SA’s mining loss is Zim’s gain

2012-11-11 10:00
Ray Ndlovu
Platinum mining unrest in South Africa has lead to a boom in Zimbabwe’s mining sector.

Mining, a key driver of Zimbabwe’s economy, is expected to play a leading role in next year’s projected 7.4% economic growth rate forecast by Tendai Biti, the finance minister, who will present his 2013 budget to Parliament on Thursday.

Eric Bloch, a senior economist from H&E Bloch consultancy, said: “Investors are shunning South Africa because of the strikes and the high level of uncertainty. Zimbabwe will become the natural choice as it holds the second-largest known platinum reserves in the world and there is increased demand for our platinum. This is certain to reflect in the financials of the mining companies.”
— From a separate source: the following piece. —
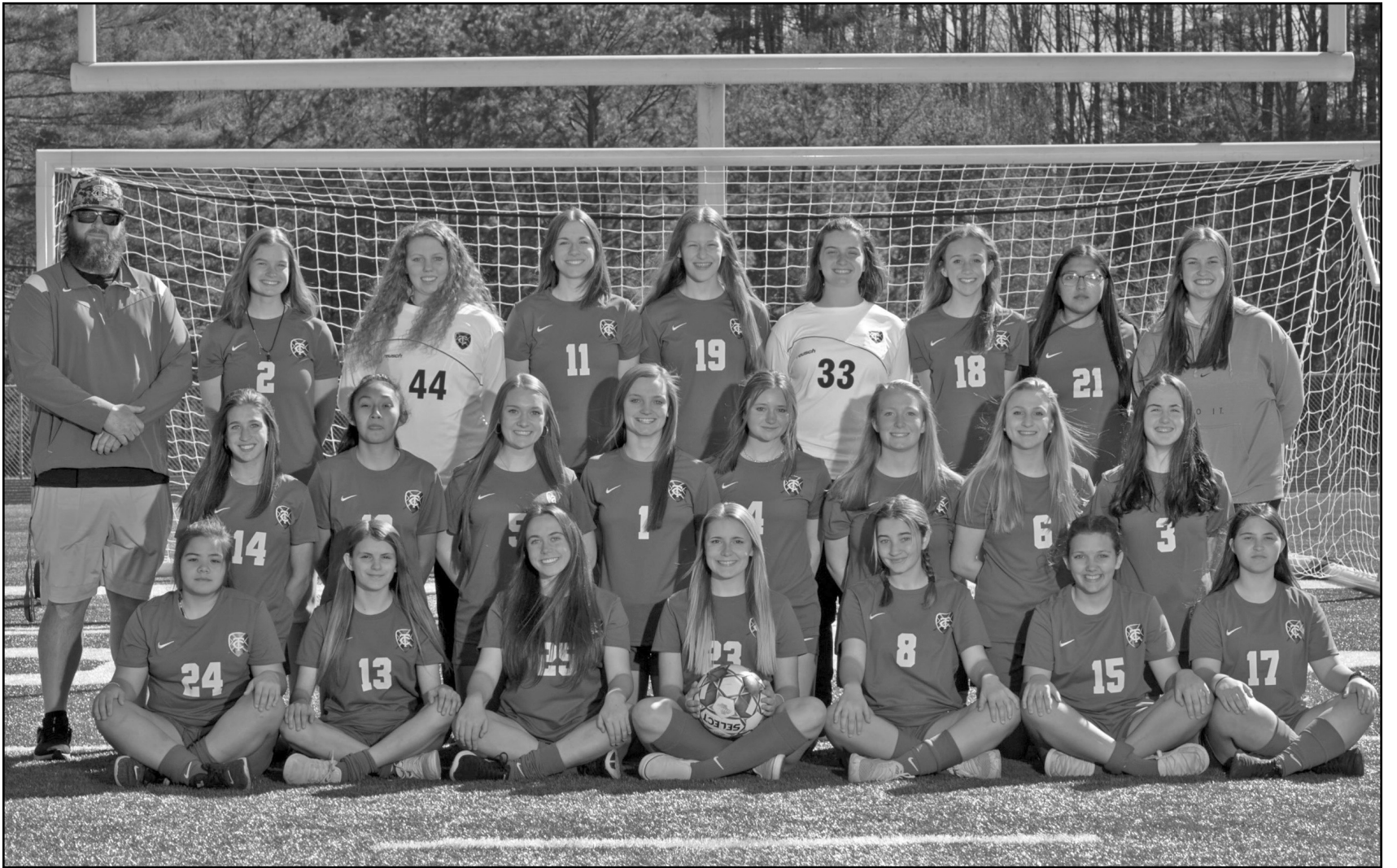
The Towns County Lady Indians begin postseason play on Tuesday with a trip to Rome's Armuchee High School.

"But ultimately, we choose not to put any focus or attention on the ranking, stats or numbers that we have. We believe that it cannot be our main drive, because there are never any guarantees, and

Despite concern over the country’s indigenisation law, which compels foreign-owned companies to concede a 51% indigenisation stake to locals, mining companies have not been put off and continue rolling out plans to increase production.
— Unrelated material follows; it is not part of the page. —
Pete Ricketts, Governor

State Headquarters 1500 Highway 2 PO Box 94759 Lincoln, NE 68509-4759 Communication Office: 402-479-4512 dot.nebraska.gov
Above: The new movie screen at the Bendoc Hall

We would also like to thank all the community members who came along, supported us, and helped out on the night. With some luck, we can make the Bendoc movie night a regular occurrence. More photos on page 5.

South Africa’s Impala Platinum subsidiary in Zimbabwe, Zimplats, is carrying out a $300 million (R2.6 billion) expansion drive at its Ngezi mine, southwest of Harare, which will increase production to about 270 000 ounces from the current yearly production of 187 000 ounces.

Mimosa platinum mine, a Zimbabwean joint venture project between Aquarius Platinum and Impala Platinum, is in line to record 204 000 ounces of platinum this year, a marginal increase from last year’s 202 000 ounces.

Winston Chitando, the MD at Mimosa, said: “We are expecting to produce 204 000 ounces compared with 202 000 ounces last year.”
Mimosa mine is undertaking feasibility studies for the expansion of its operations.

Kipson Gundani, an economist from the Zimbabwe National Chamber of Commerce, said: “The spin-offs for Zimbabwe’s mining industry as a result of the worker unrest in South Africa are huge, but that has to be backed by the right climate to support the mining sector.”

Zimbabwe this year increased mining royalties for platinum from 5% to 10% and for gold from 4.5% to 7%.

Bloch cautioned that any “nasty surprises” in the budget presentation by Biti for the mining industry would reverse the marginal gains it had recorded under the three-year- old unity government.

The African Development Bank has warned that “any further increase in royalties can result in a fall in production as those firms mining in low-grade ores will be faced with an increase in the unit cost of production.”